Given material:

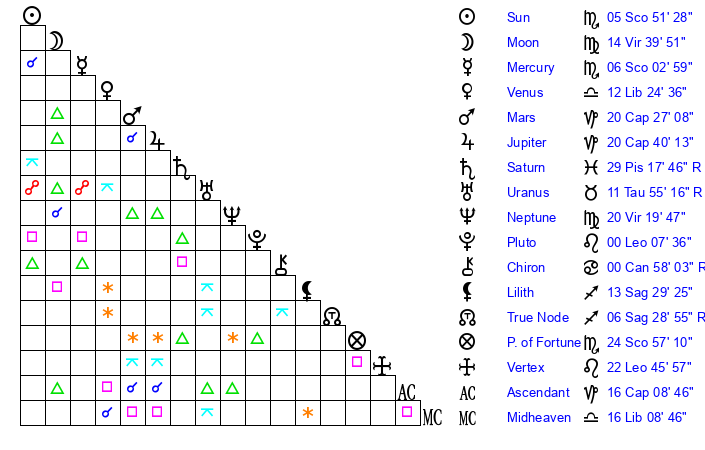 | Sun | 5 Scorpio 51 | 6 Scorpio 31 | 5 Aquarius 5 |
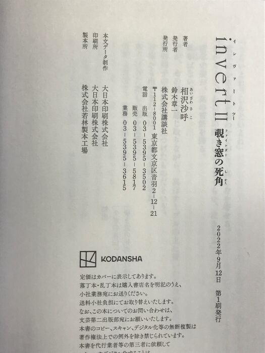 タイトル:invert II 覗き窓の死角 講談社 相沢 沙呼
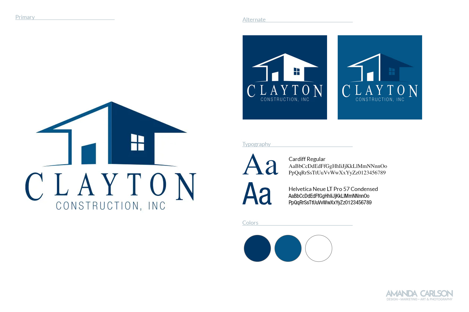 Clayton Construction was looking for a logo that would convey they are home and small commercial building experts. Someone you can count on morning, noon, and night for all your construction projects. With that in mind, I came up with this multi-blue tone logo that, as it moves from white to steel blue and then into navy, it feels like the sun is setting and light is moving across the building icon. The design of the icon is posed in a way that it feels both like a residential home and commercial building and can be used alone, or in lock-up with the wordmark.
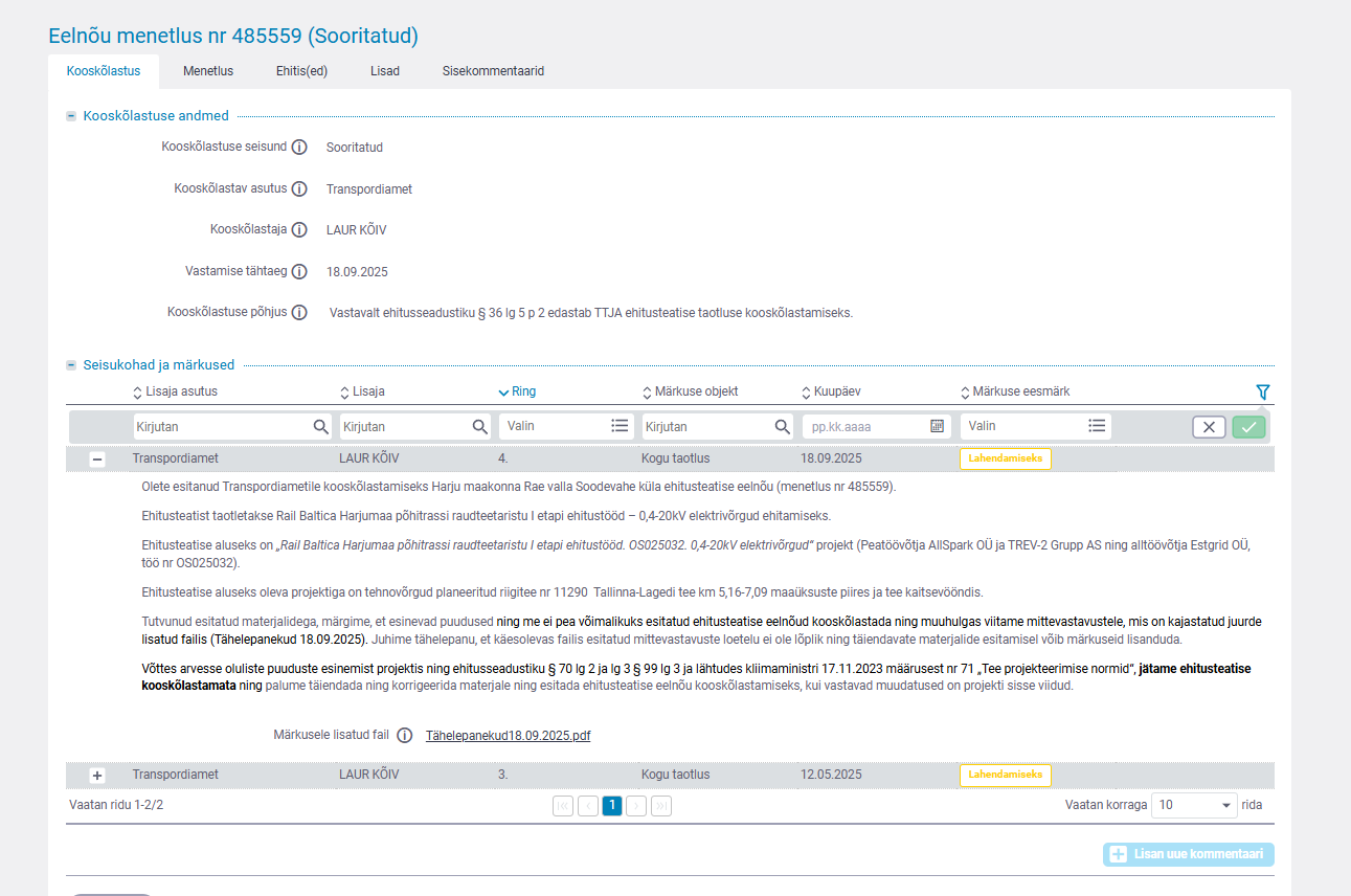 EHR- Harju maakond, Rae vald, Soodevahe küla, 11290 Tallinn-Lagedi teel Rail Baltica trassi elektrivõrgu ehitusteatis, menetlus nr 485559 | 09.10.2025 | 1 | 7.1-2/25/6668-5 | Sissetulev kiri | transpordiamet | Tarbijakaitse ja Tehnilise Järelevalve Amet |

Exercise description: Once the line with "タイトル:invert II 覗き窓の死角 講談社 相沢 沙呼" is found in the data above, reproduce it and each line after it exactly, through the line with "Clayton Construction was". Omit the pictures.

Completed task:
 タイトル:invert II 覗き窓の死角 講談社 相沢 沙呼
 Clayton Construction was looking for a logo that would convey they are home and small commercial building experts. Someone you can count on morning, noon, and night for all your construction projects. With that in mind, I came up with this multi-blue tone logo that, as it moves from white to steel blue and then into navy, it feels like the sun is setting and light is moving across the building icon. The design of the icon is posed in a way that it feels both like a residential home and commercial building and can be used alone, or in lock-up with the wordmark.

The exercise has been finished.